On Thursday, members of Spain’s Parliament voted in favor of legalizing euthanasia, taking the country one step closer to approving doctor-facilitated death. The bill passed in 198-138 vote and is now on its way to the Senate, where it is expected to pass.
According to the Associated Press, the bill, which “will allow physician-assisted suicide and euthanasia for long-suffering patients of incurable diseases or unbearable permanent conditions,” was backed by a left-wing coalition, while the Popular and Vox parties voted against it. Spanish Health Minister Salvador Illa told lawmakers, “As a society, we cannot remain impassive when faced with the intolerable pain that many people suffer.”
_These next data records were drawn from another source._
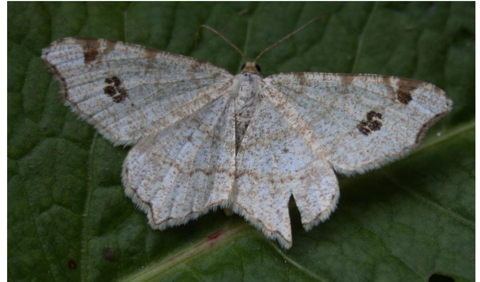
Figure 1: Peacock Moth (Sydney Gauld)

which in dry weather can be seen on the leaves below the gall. I have read that it doesn't always occur on the stem or leaf vein, but sometimes infects leaf-edge tissue and other parts, still forming the cluster-cups, though not always the banana shape. The spores appear to be expressed explosively, the results of which can be seen in Figure 5. They then may be transported on breezes and raindrops and even on invertebrates.
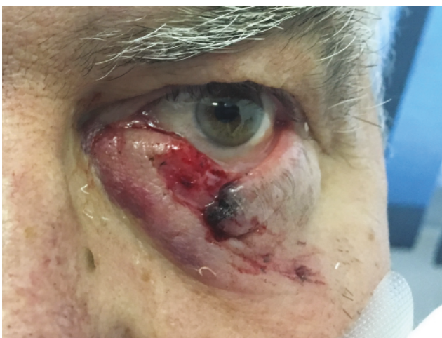
Fig. 2. Lacerated injury to lower eyelid caused by small dog, without injury of canaliculus
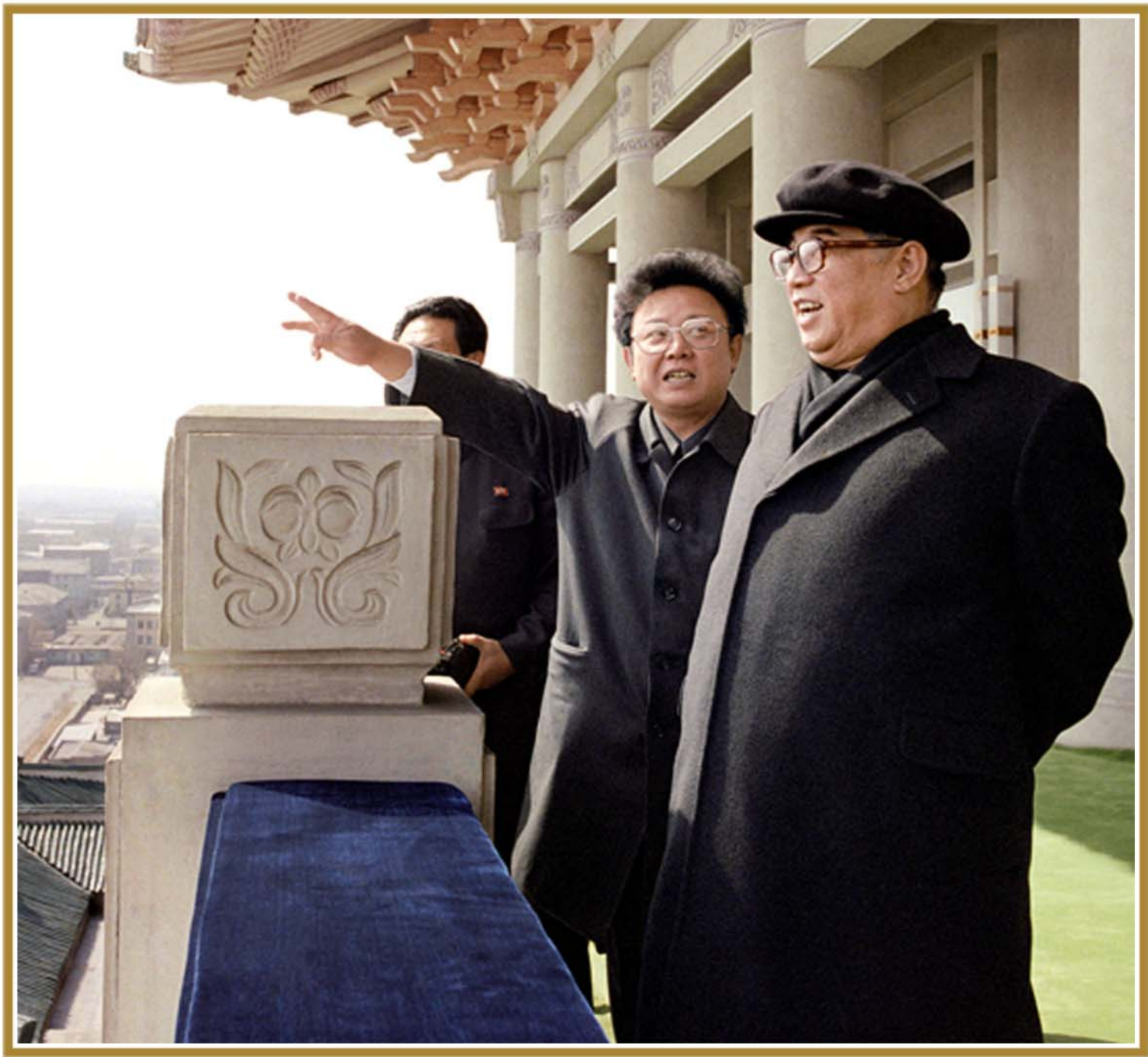
Kim Il Sung and Kim Jong Il on the balcony of the Grand People's Study House in April Juche 71 (1982)
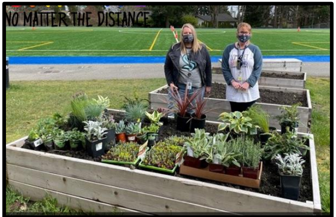
Somerset Sensory Garden: Plants with a variety of textures, scents, and colors were delivered to be planted for our students to experience and enjoy.
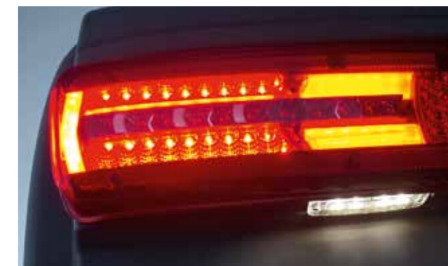
LED rear lights

Early recognition of critical situations on the difficult-to-view right side of the vehicle is essential when turning or manoeuvring. A camera on MAN trucks extends the visible area to the blind spot. The monitor is in the field of vision when looking to the right in the mirror and helps the driver to better view the area next to the vehicle. It recognises whether, for example, cyclists or smaller vehicles are located directly next to the driver's cab and, when manoeuvring, obstacles stand out better. The system is activated automatically whenever the right-hand indicator is switched on. This equipment can be ordered ex works.
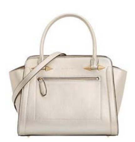
Figure A3. White handbag.
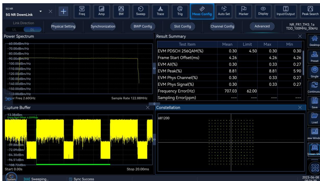
5G NR Signal Analysis Measurement

In terms of out-of-band measurement, it can provide a wide range of standard and limit line one-key setting capabilities, and efficiently perform adjacent channel leakage ratio (ACLR), spectrum emission mask (SEM) and other measurements.
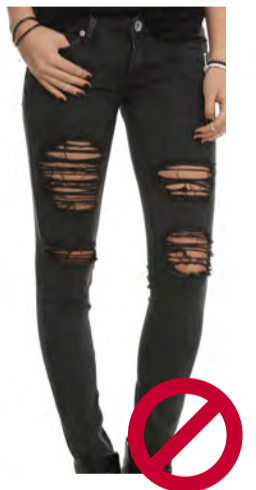
Pants must not have any holes or fraying
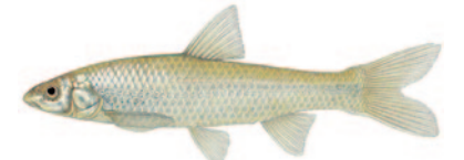
Western silvery minnow Hybognathus argyritis
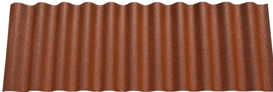
Shown in Weathered Metallic®
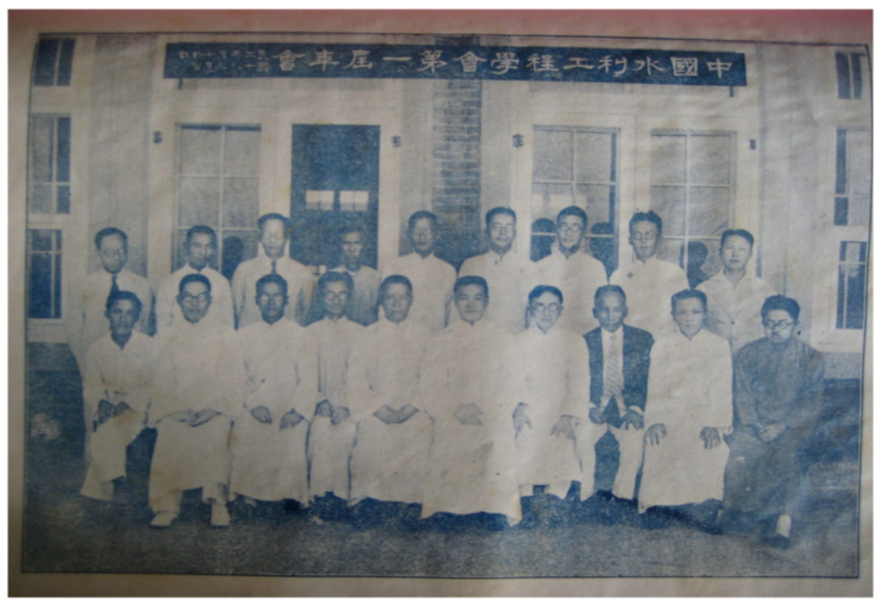
The first annual meeting of the Chinese Association of Hydraulic Engineering (1931).

Region, the Donggang Region (the lower Yangzi region), and the Zhujiang Region. He asserted that the rule of division should be based on a combination of hydraulic science, administrative convenience, and financial feasibility.
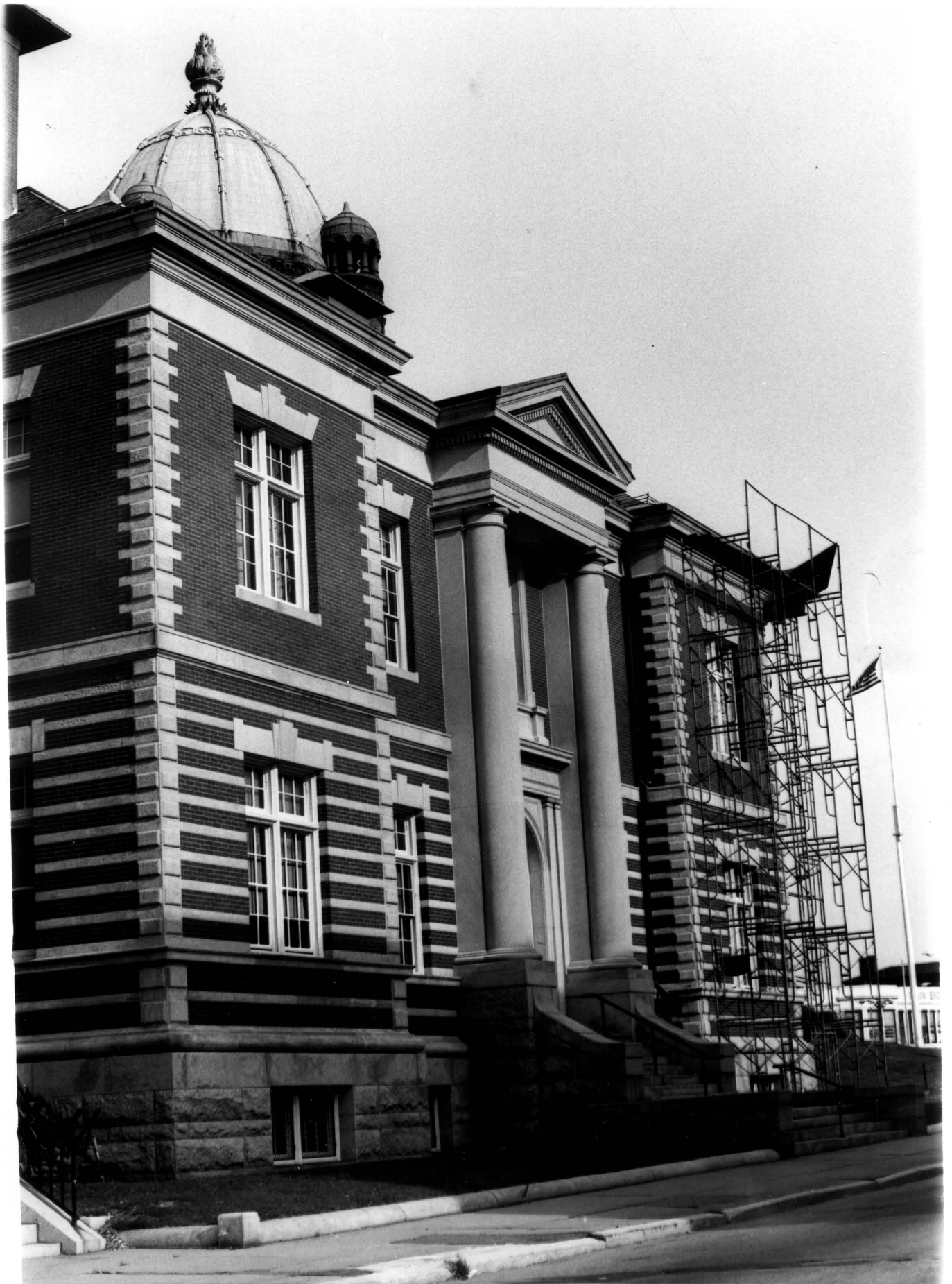
3. South facade of Registry of Deeds (#3).
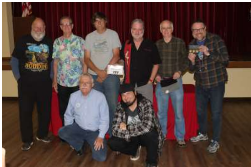
Presenters at the April 2022 Ring 76 Meeting

Of course, patter helps make a trick fun. I ramble on about there being a genie in every glass bottle. This explains why so many drinks now come in cans or plastic bottles – it's not a glass shortage, it's a Genie shortage! Anyway, if you do encounter a real glass bottle, there's usually a playful Genie inside.

Protestors gathered outside of Parliament, waving skull-and-crossbones flags with signs reading “muerte,” or death. Many opposed to the euthanasia bill wore masks of Salvador Dali, the famous Spanish artist. In his 70s, Dali was stricken with depression, drug addiction, and tremors similar to Parkinson’s disease. A fire broke out in his apartment in 1984, causing severe burns. After his wife, Gala, died, Dali attempted suicide by refusing to eat or drink anything. His suicide attempt was ultimately unsuccessful, and he died of heart failure in 1988.
If the bill passes, it could go into effect as early as the spring, and would allow patients to choose between euthanasia or assisted suicide. In euthanasia, the doctor actively kills the patient, while in assisted suicide, the doctor doles out the fatal drug cocktail and the patient takes the deadly pills on their own. Lourdes Méndez, a member of the Vox party, slammed the bill as “signing death sentences for the weakest.”
Patients will need to be given full information about their condition and any alternatives to suicide. They will need to make the request in writing, twice, 15 days apart. The bill allows for conscientious objections from doctors who don’t want to participate in killing their patients.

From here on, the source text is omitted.